[SOLVED] Images
Moderator: General Moderators
Images
Can anyone tell me whether you can test scripts locally that involve dynamic display of images? I am trying to display a page where i am supossed to retrieve an image from my db and I cant get the image to be displayed...
- feyd
- Neighborhood Spidermoddy
- Posts: 31559
- Joined: Mon Mar 29, 2004 3:24 pm
- Location: Bothell, Washington, USA
yes you can. Maybe you should post your code. Use
Code: Select all
andCode: Select all
correctly nowHere is my code:
feyd | flipped
Code: Select all
<html>
<head>
<title>e-Music Image Results</title>
<meta http-equiv="Content-Type" content="text/html; charset=iso-8859-1">
</head>
<body>
<?php
// This page displays the details for a particular print.

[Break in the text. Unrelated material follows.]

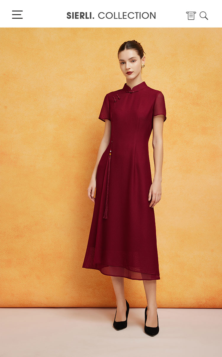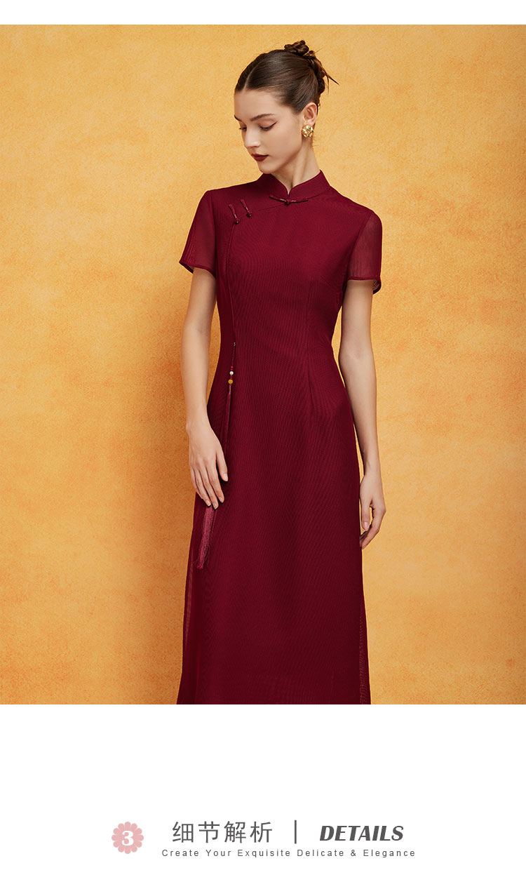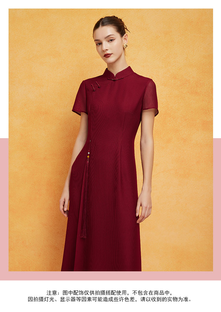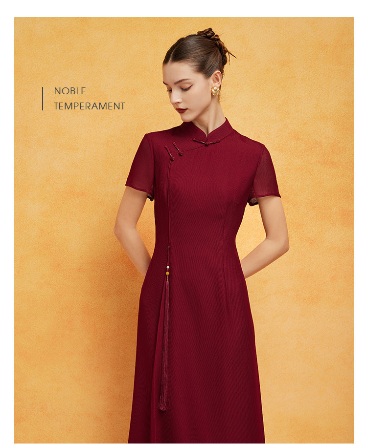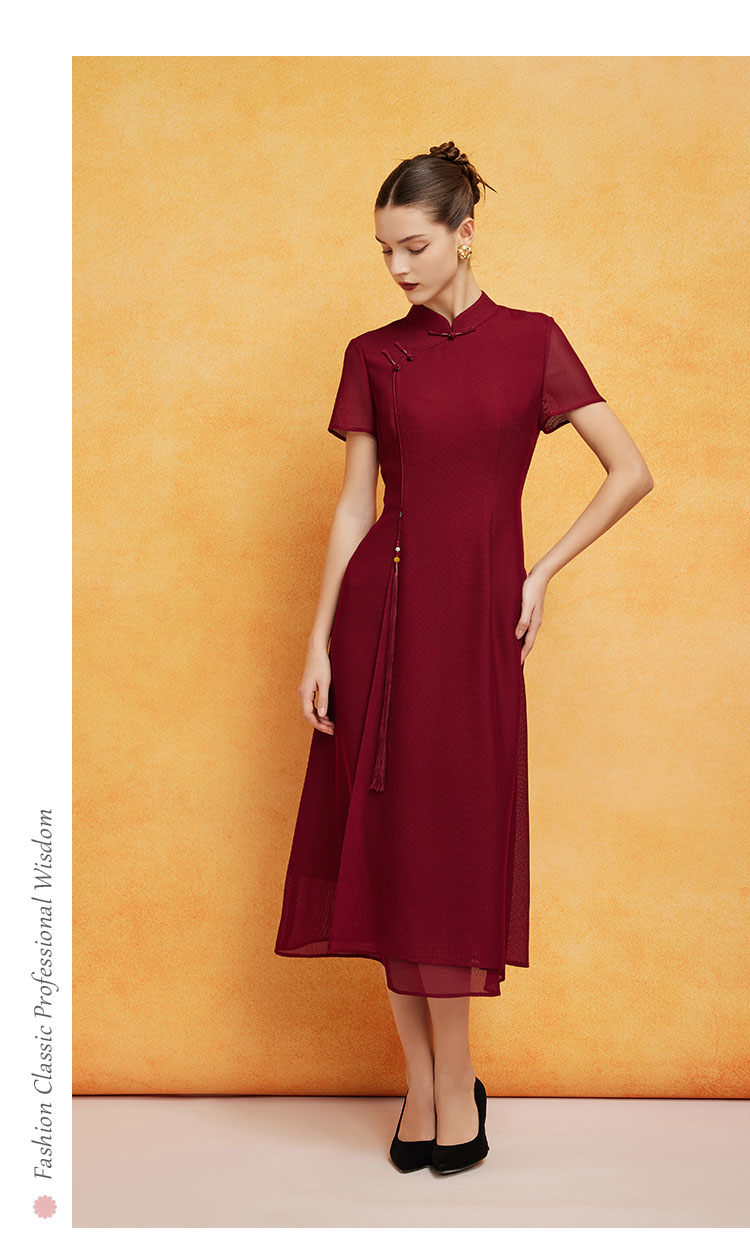 PF8L9斯尔丽24新款复古新中式改良旗袍手工盘扣流苏镂空网面垂坠连衣裙

if (is_numeric ($HTTP_POST_GET['pid'])) { // Make sure there's a print ID.
@ $db= mysql_pconnect('localhost','root','password');
if (!$db)
{
echo 'Error:Could not connect to the database. Please try again later';
exit;
}
mysql_select_db('emusic');
$query = "SELECT * FROM songs, images WHERE songs.song_id = images.song_id AND images.image_id = {$HTTP_POST_GET['pid']}";
$result = mysql_query ($query);
$row = mysql_fetch_array ($result, MYSQL_ASSOC);
// Display a header.
echo "<div align="center">
<b>{$row['image_name']}</b>
</div>";
// Get the image information and display the image.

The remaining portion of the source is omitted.